The average carbon dioxide emissions in the global ocean transportation sector declined nearly 6 percent in 2011 compared to the previous year, according to a study performed by Business for Social Responsibility’s Clean Cargo Working Group.
Improvements in carrier fleet efficiency and data quality contributed to the reduction in carbon emissions in the ocean shipping industry, according to the Clean Cargo study.
“The priority now is to scale up shipper use of this data and support efforts to standardize emissions calculations across the entire logistics chain,” said Angie Farraq, clean cargo project manager for the organization’s transportation and logistics practice.
Gorm Kjaerboll, ocean operations manager at Electrolux, noted that the data allows Electrolux to track the actual carbon dioxide emissions of the carriers the company ships with. “As a shipper, we need good quality data to set and deliver on our own carbon footprint targets,” Kjaerboll said.

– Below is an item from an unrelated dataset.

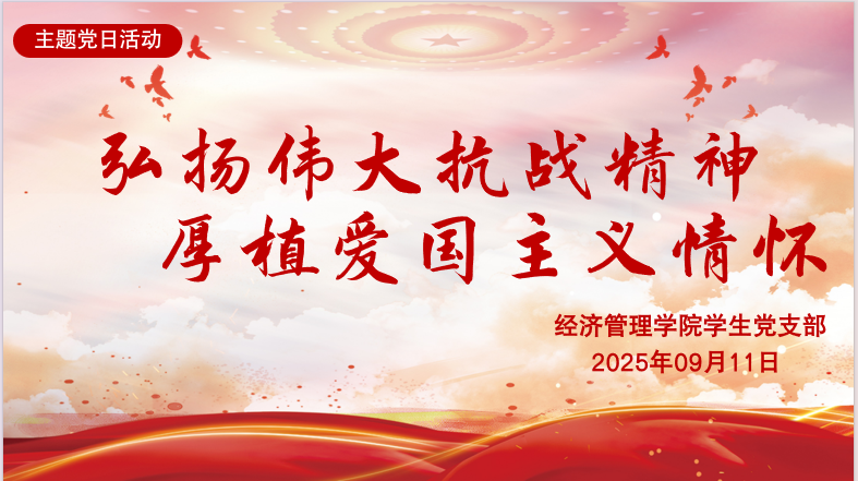 为纪念中国人民抗日战争暨世界反法西斯战争胜利 80 周年,厚植爱国情怀、传承红色基因,2025年9月11日下午,经济管理学院学生第一党支部与学生第二党支部同步开展“弘扬伟大抗战精神,厚植爱国主义情怀”主题党日活动,学院 90 余名学生党员参加。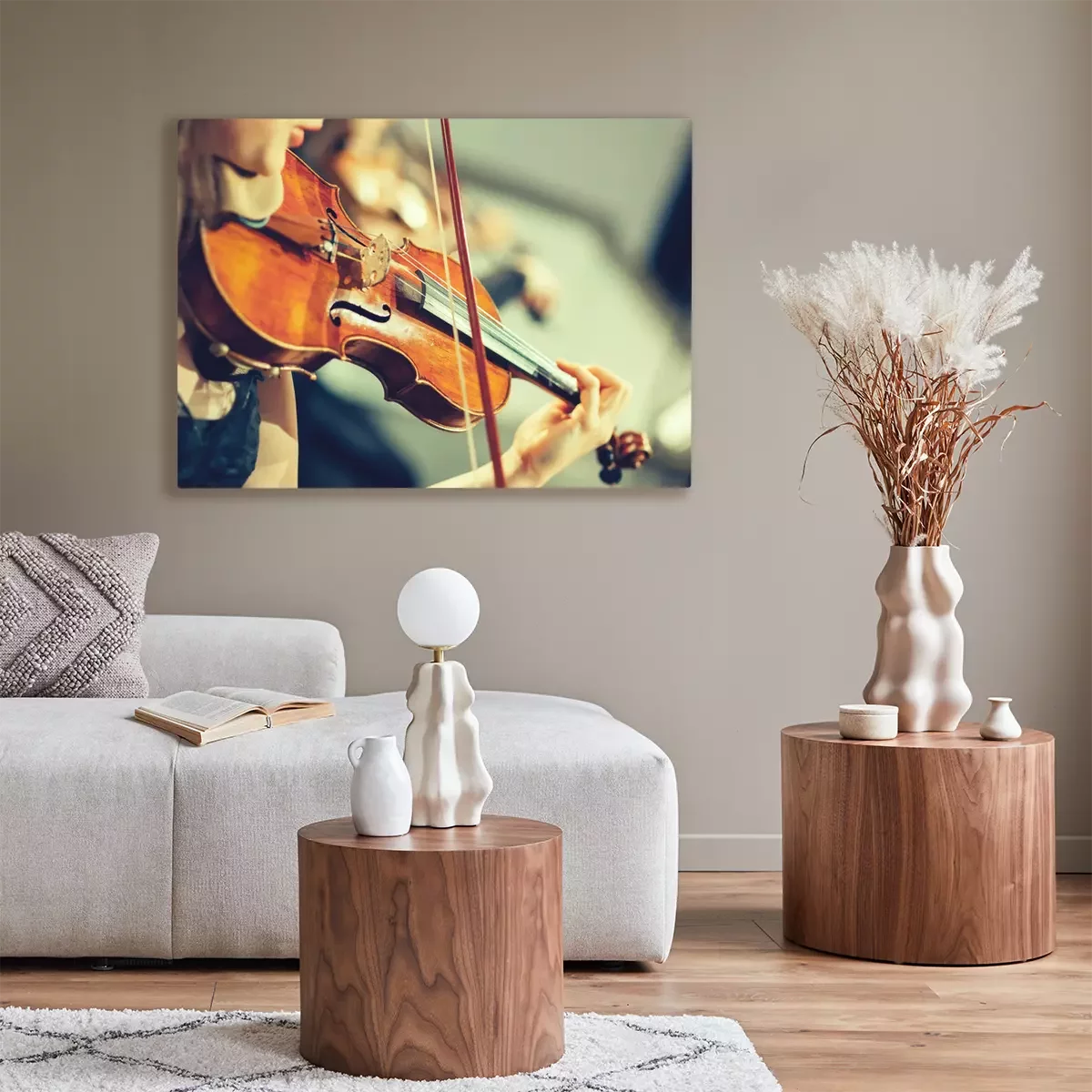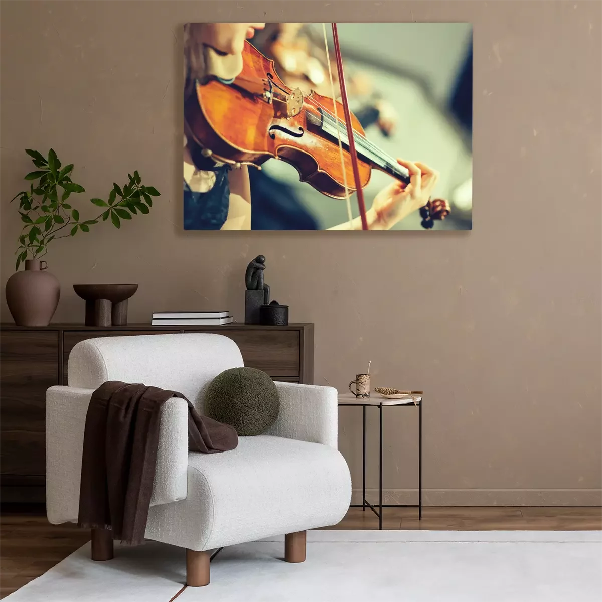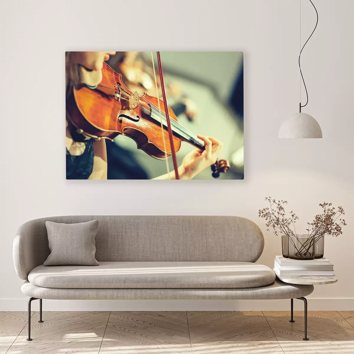 Tableau  Orchestre symphonique sur scène, mains jouant du violon

The Clean Cargo Working Group, a carrier-shipper initiative dedicated to improving the environmental performance of marine container transport, is comprised of some 30 companies equally split between shippers and carriers.
The group has developed tools and methodologies to gather vessel-by-vessel environmental performance data on emissions, particularly carbon footprint data. This is the third year Clean Cargo has released its emissions data. The data covers about 2,000 vessels from 13 shipping lines that collectively represent more than 60 percent of the global container fleet.